Hundreds of staff are now in redundancy consultation.

Sports Direct tycoon Ashley bought the department store chain out of administration for £90m in August and said at the time he was hopeful that most of the 59 stores, including 31 earmarked for closure under previous management, would stay open.

Following talks with landlords, 15 stores which had been set to close will now stay open, including the London Oxford Street flagship. Ashley has also come to new rent arrangements on an additional five stores.

One more store, in Bath, is still at risk of closure, as Ashley negotiates with landlords and the council.

Ashley said: “I am disappointed that in my opinion a small number of greedy landlords still refuse to be reasonable.

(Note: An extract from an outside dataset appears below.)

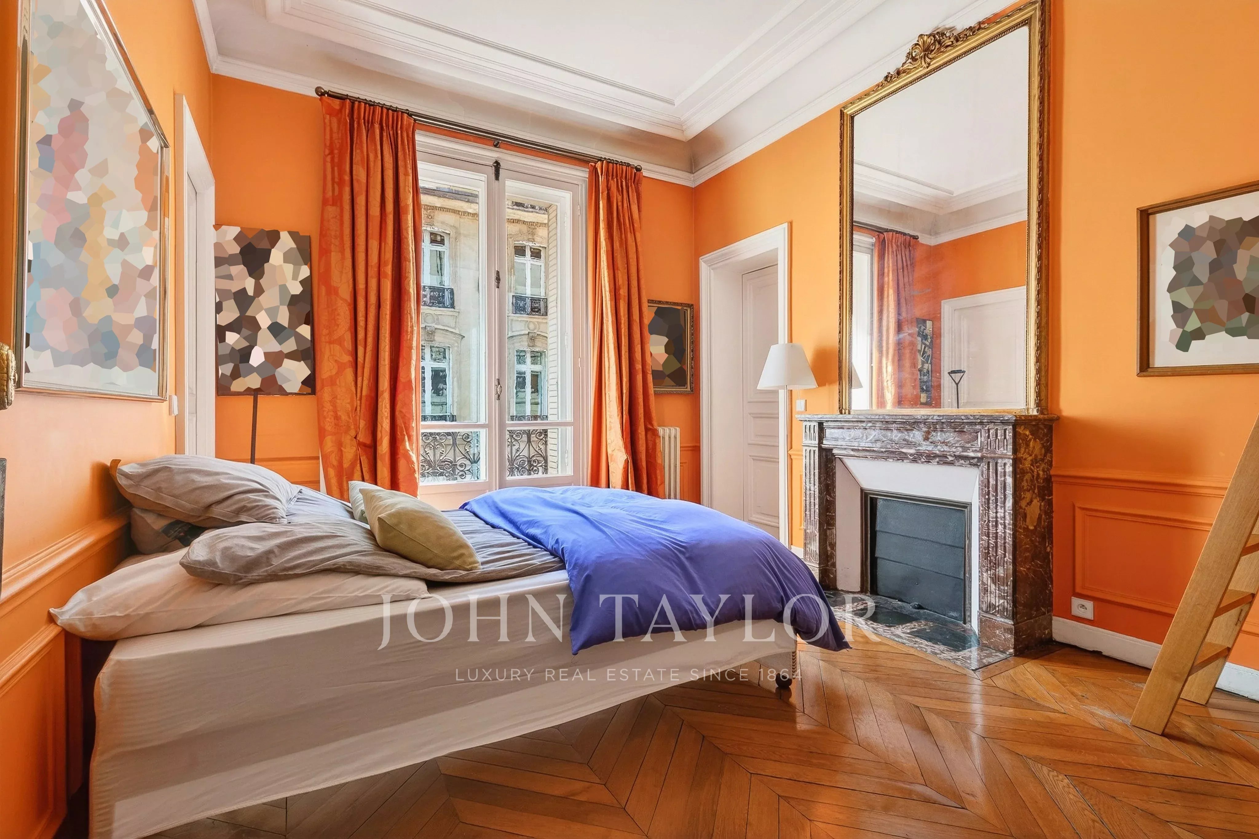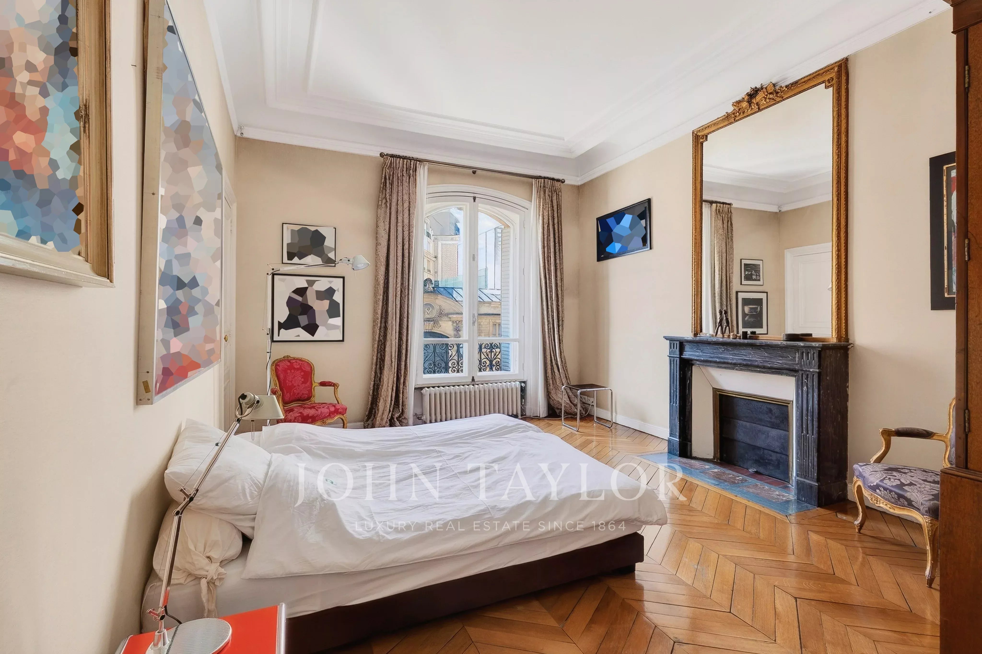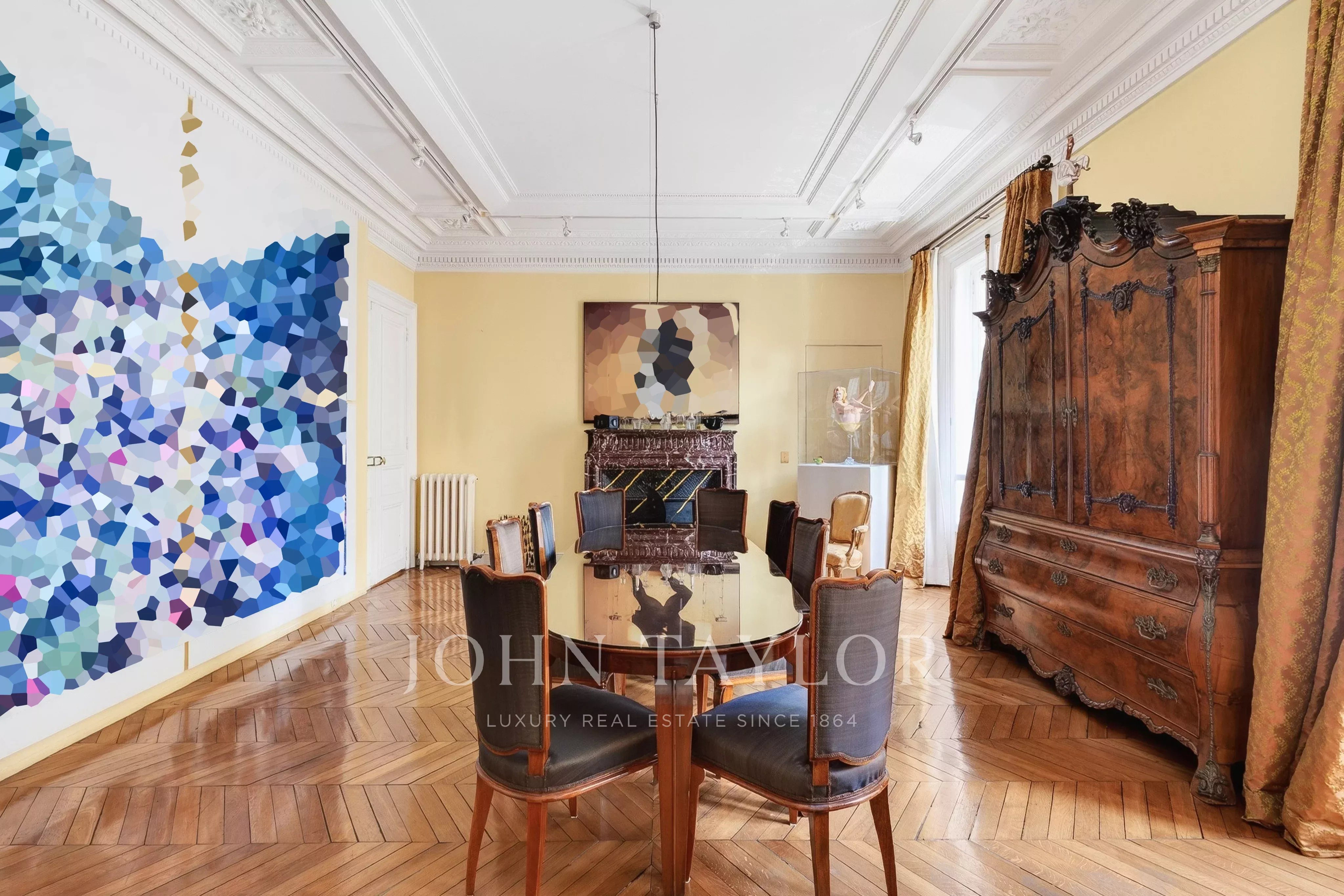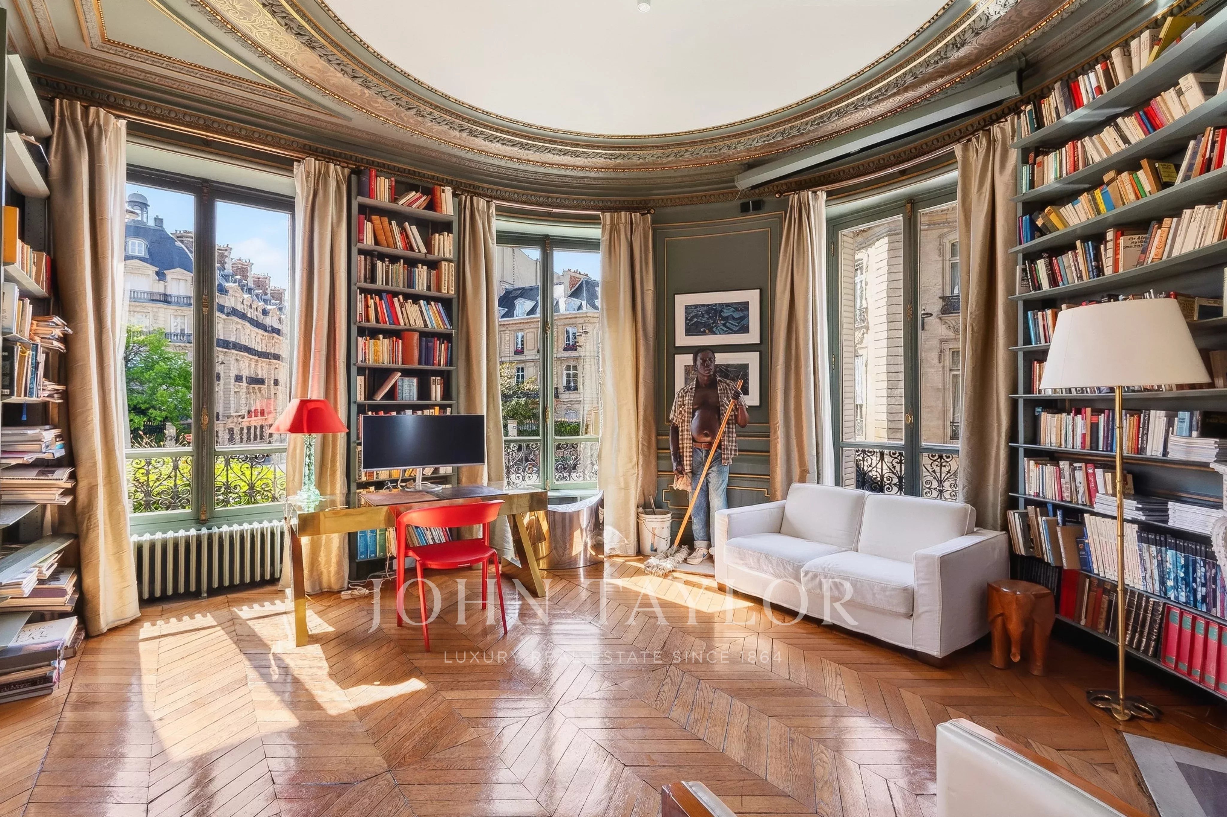 Featuring seven floor-to-ceiling windows, the triple reception room boasts a refined and timeless décor with its mouldings, gilding and fireplaces.

“We’ve showed what we can achieve on the British high street when we work together with landlords. I would like to thank those landlords who have helped us to rescue approximately 3,500 jobs at the stores we have saved to date.”

The British Property Federation defended landlords.

Chief executive Melanie Leech said: “What has been taking place is negotiations between House of Fraser and its landlords – a two-party process – where each party will have its own interests and one party simply can’t cry ‘unfair’ in the media when it doesn’t get what it wants.”

She added that many landlords work on behalf of pension funds and investors and were not motivated by “greed”.

She said: “There will be a range of factors to consider on a store-by-store basis but what property owners won’t be doing is simply leaving stores empty for the sake of it; that would be in no-one’s interests.”